Depuis quelques décennies (eh oui !, déjà !), Christophe Arleston démontre son talent pour la création d’univers bien particuliers, de mondes aux fonctionnements toujours étonnant, peuplés de héros, de personnages attachants. Dès le début cependant, comme a pu le faire Pierre Christin avec Laureline dans Valerian, le scénariste a fait des femmes les véritables porteuses de l’intrigue, les forces vives et positives des récits. Arleston a toujours donné à celles-ci le rôle moteur de ses histoires, les plaçant comme les véritables héroïnes de ses aventures, même si le titre de la série revenait à un mâle, authentique antihéros. Il ne fait pas exception avec cette série où Fourmille assure l’essentiel de l’action, laissant à ceux qui l’accompagnent des rôles de second couteau.
Ehkö est une copie de la Terre, mais sans l’électricité, peuplée de Preshauns, d’étranges créatures qui veillent au bon fonctionnement de ce monde. Fourmille Gratule était dans un avion pour New York avec, pour voisin de siège, Yuri Podrov un informaticien, lorsqu’ils basculent dans Ekhö. L’arrivée de la jeune femme perturbe l’équilibre d’autant que celle-ci se trouve régulièrement habitée par les fantômes de personnes décédées récemment dont elle doit résoudre les problèmes pour retrouver sa personnalité. Sigisbert de Motafiume est un jeune Preshaun, clerc de notaire, chargé de veiller à ce que la présence de Fourmille ne déséquilibre pas le monde miroir.

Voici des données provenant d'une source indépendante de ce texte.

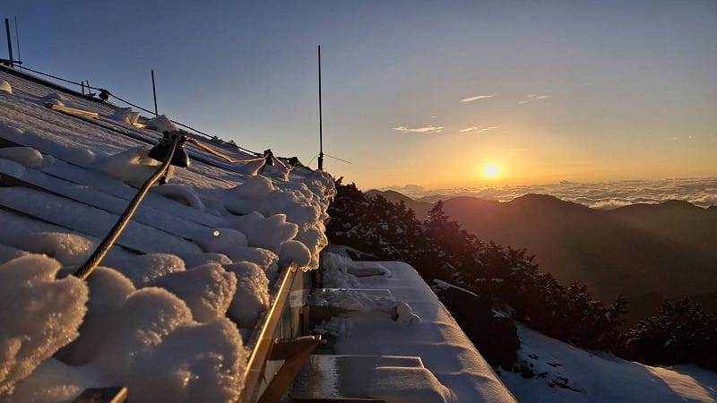 前2天玉山氣象站都有下雪。氣象署指出,今天全台最低溫為玉山風口的零下3.7度,玉山測站也只有零下0.9度低溫,上午仍有早上仍有積雪約5公分。氣象署也公布一連串美照,從照片中可以看到今天清晨天氣晴朗,日出光揮灑在尚未融化的積雪上,將山頭染成橘紅色,搭配山後的雲海,畫面美得像明信片。
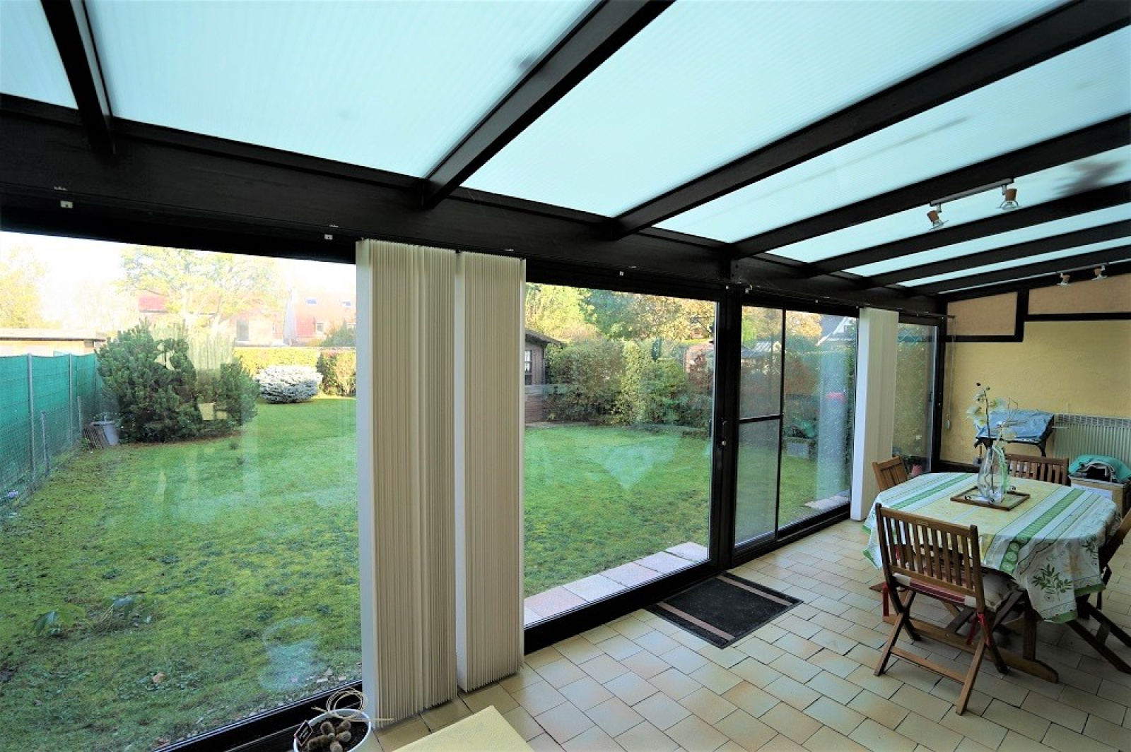 Charmant jardin bien entretenu avec son abri et peu de vis-à-vis – Garage de 25m² avec porte automatique – Chauffage au gaz (chaudière FRISQUET) – Double-vitrage avec volets roulants dans l’ensemble du bien.
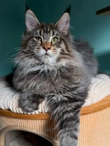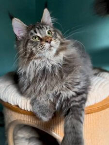 Sean Penn’s long, silky coat, tufted ears, and bushy tail showcase the grandeur of Maine Coon kittens. His striking green eyes sparkle with curiosity, and he is always eager to explore and engage. Even at just a few months old, Sean Penn already possesses the grace and affectionate nature that make Maine Coons such cherished companions.

Ce cinquième volet des mésaventures de la belle héroïne s’ouvre alors qu’elle est en route pour le Vatishaun à Rome sur le Couine-Marée II. Elle a décidé ce voyage pour rencontrer Sa Sainteté Pontificale et tenter de comprendre ce qu’elle fait dans cet univers. Sur le bateau, le comte Francisco Castiglione-Borghese, un riche romain lui fait une cour assidue à laquelle elle répond, provoquant l’agacement de Yuri. Sigsibert, quant à lui, est inquiet. Quelqu’un les surveille de près, un Preshaun qui ne lui dit rien qui vaille. À Rome, Fourmille est confrontée au grand secret que cache les Prehauns et découvre qu’elle est une pièce dans un jeu politique dont elle ignore tout…
Avec le cinquième volet d’Ekhö, Christophe Arleston livre une impressionnante série de révélations quant à l’origine et à la conception de ce monde, des raisons et des causes qui en font un monde parallèle si proche de la Terre. Le scénariste n’a pas son pareil pour conjuguer une action soutenue et un humour facétieux, déclinant toute la gamme, de l’humour potache voire improbable à un humour qui se fait cinglant quand il touche à certaines dérives de nos sociétés. Il use de jeux de mots approximatifs, parfois « tirés par les cheveux » mais toujours chargés de sens malgré la forme qui semble exotique mais recèle des informations ou des situations bien réelles.
Le dessin d’Alessandro Barbucci fait merveille. Il offre un véritable plaisir pour les yeux avec la reconstitution, tant de l’univers marin, que des rues et monuments de Rome à la sauce fantasy. Les personnages sont une véritable réussite tant dans l’animation que dans l’expression des sentiments. La mise en couleurs signée par Nolwen Lebreton rehausse le tout et habille de belle manière l’atmosphère tendue qui se dégage du récit.
Le Secret des Preshauns clôt de belle façon cette série qui allie avec bonheur magie, enquête de type classique et fantastique.
serge perraud
Christophe Arleston (scénario), Alessandro Barbucci (dessin) & Nolwenn Lebreton (couleurs), Ekhö Monde miroir — t. 5 : “Le Secret des Preshauns”, Soleil, juin 2016, 64 p. – 14,50 €.